The Mint Recap: Fireside Chat with Jack Altman of Lattice

The Mint Recap: Fireside Chat with Jack Altman of Lattice
⬅️
Originally published on JC's LinkedIn here and Twitter here.

We loved having Jack Altman, Founder and Chairman of Lattice, as our special guest at The Mint a few weeks ago!

It was a great conversation reflecting on the journey of building Lattice.

Here are some of the insights and learnings:

1. You’ll know when you’ve got PMF.

Jack shared that in the early days of Lattice, they started with an OKR goal-setting tool. They spent 9 months “shoving it down people’s throats.” Eventually, after no traction, they pivoted twice, then finally landed on performance reviews.

It felt like a lightswitch. Customers paid up-front annual contracts on design mockups without developed products. Compare this to Jack spending months and months trying to pull the market to an earlier product. Once they felt the customer pull, the difference was unmistakable.

2. On that note, people telling you they want your product isn’t PMF.

Jack found that, generally, people want to be supportive. So, sometimes people you pitch to are encouraging regardless of whether they like your idea.

So, instead, make it easy for people to give you hard, honest feedback!

3. GTM is how you get PMF.

Jack talked about the misconception that people think they get PMF first and then “do GTM.”

You won’t get PMF by writing code and thinking hard. Most of the time, if you build it, they don’t come!

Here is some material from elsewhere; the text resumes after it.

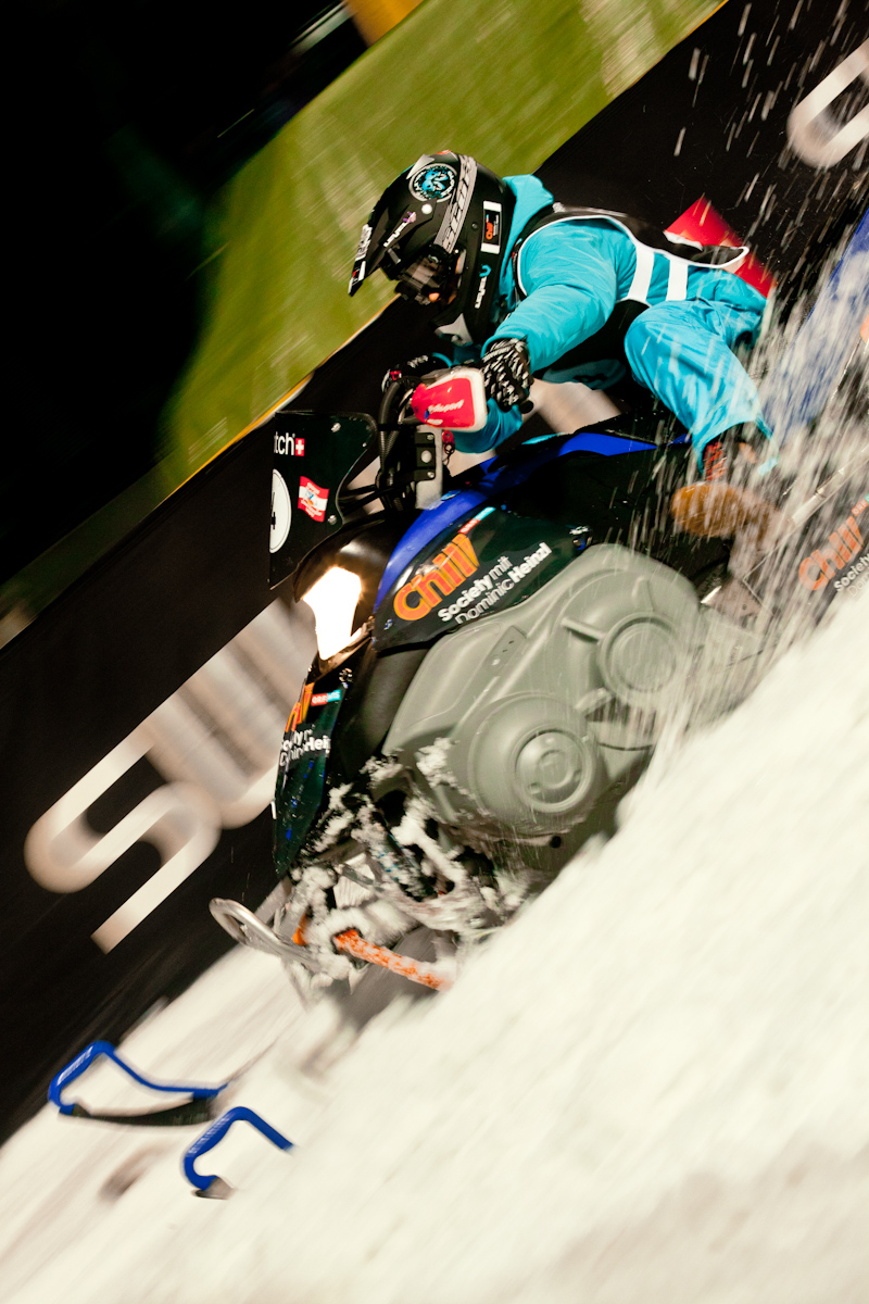 Snow Mobile Race

What even is Go-To-Market at an early-stage startup?

It’s really just distribution. But, at the earliest stages, you need to figure out what product you are distributing. Then it’s about how to distribute it to the right people and get them to buy.

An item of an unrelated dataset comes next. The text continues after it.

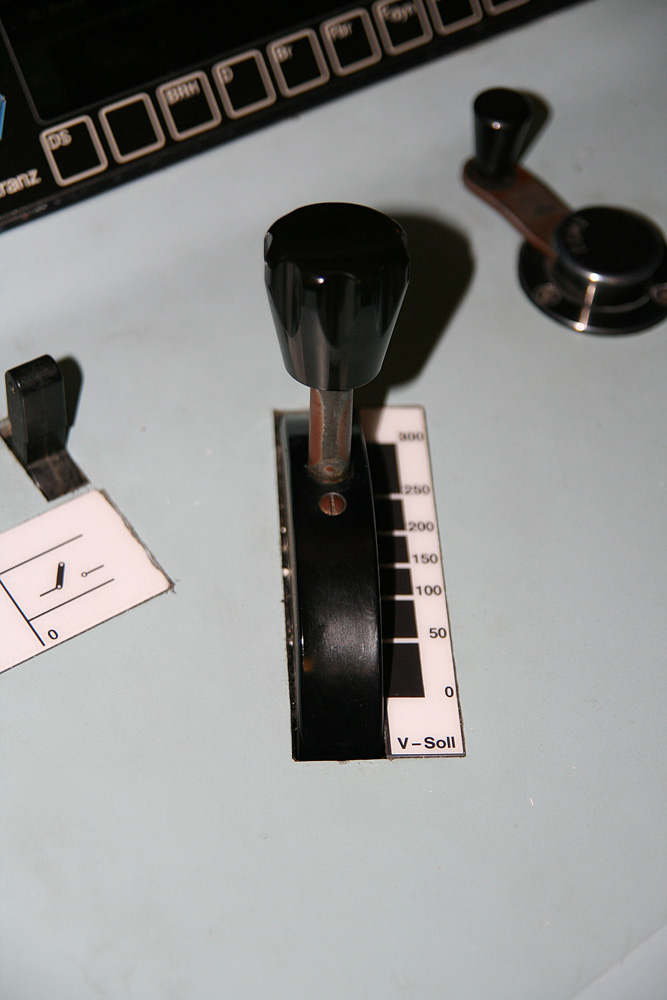 An actuator to the Automatische Fahr- und Bremssteuerung (automated drive and brake control) on an ICE 1 driver's cab. When in operation, the system automatically holds the speed that is defined by this actuator.

4. Founder-led sales shorten the feedback loop.

Jack emphasized the importance of founder-led sales. Not because founders are the best sales people, but because founders are also the head of product and customer success, so it shortens the feedback loop and generates insights much more quickly.

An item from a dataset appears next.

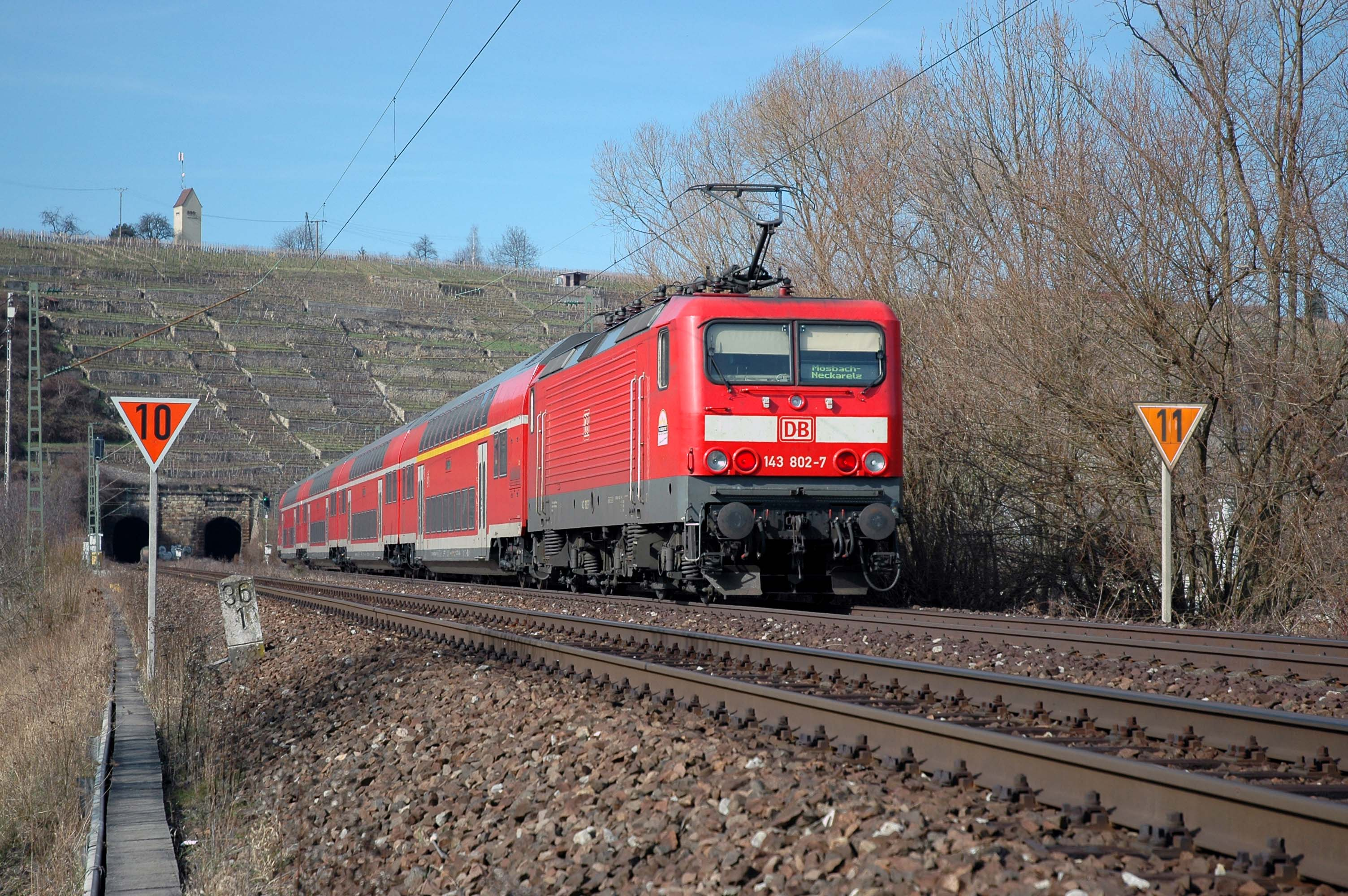 DB 143 802, near Kirchheim am Neckar with train RB 19176

The person in control of the product roadmap is also the person who is having all of the customer conversations — it should all be in one brain! The more brains it gets spread across, the slower you move.

5. Make champions out of your customers.

When Lattice was in its earliest stages, Jack launched a video interview series where he sat down with an HR leader for 45 minutes and asked them a ton of questions. He prioritized cheap ways to spotlight their customers, and it worked.

Jack also hosted dinners and stood up a Slack group for leaders in the HR space to create a community for them, with Lattice at the center of it. Stroking people’s egos is a great way to get them to engage in your marketing.

Remember: your potential customers are a lot more likely to listen to an aspirational peer than a founder who is new to the game / is leading a tiny company with no revenue!

6. Don’t spend too much time on competitors.

Jack found that when Company A focuses their eyes on customers, while their competition (Company B) is focusing on them, Company A generally wins. Same is true vice versa. 

7. Think critically about new product expansions.

Jack talked about how at Lattice, they mapped out a universe of buildable things, and then they tested new product expansion against a series of questions.

Do they have an advantage building this product, either because of how it interacts with the rest of their products or because of some special knowledge they might have? How difficult and expensive is this product to build relative to everything else they could work on?

How well does this product line up with today’s ideal customer profile, as well as the ICP they’re aiming for down the line?

8. Early-stage hiring is all about finding people who the world undervalues.

It’s not really reasonable to think that someone who just had an epic run as a top-5 engineer at Stripe will want to join a new early-stage startup. Your job is to find diamonds in the rough who the whole world hasn’t seen yet as obviously good.


JC is an investor at BTV, where he also co-leads The Mint, the pre-seed program for fintech founders. They accept applications and introductions on a rolling basis.

Introducing... The Mint:

0:00
/0:45

Learn more about The Mint

the fintech-focused pre-seed program

check it out!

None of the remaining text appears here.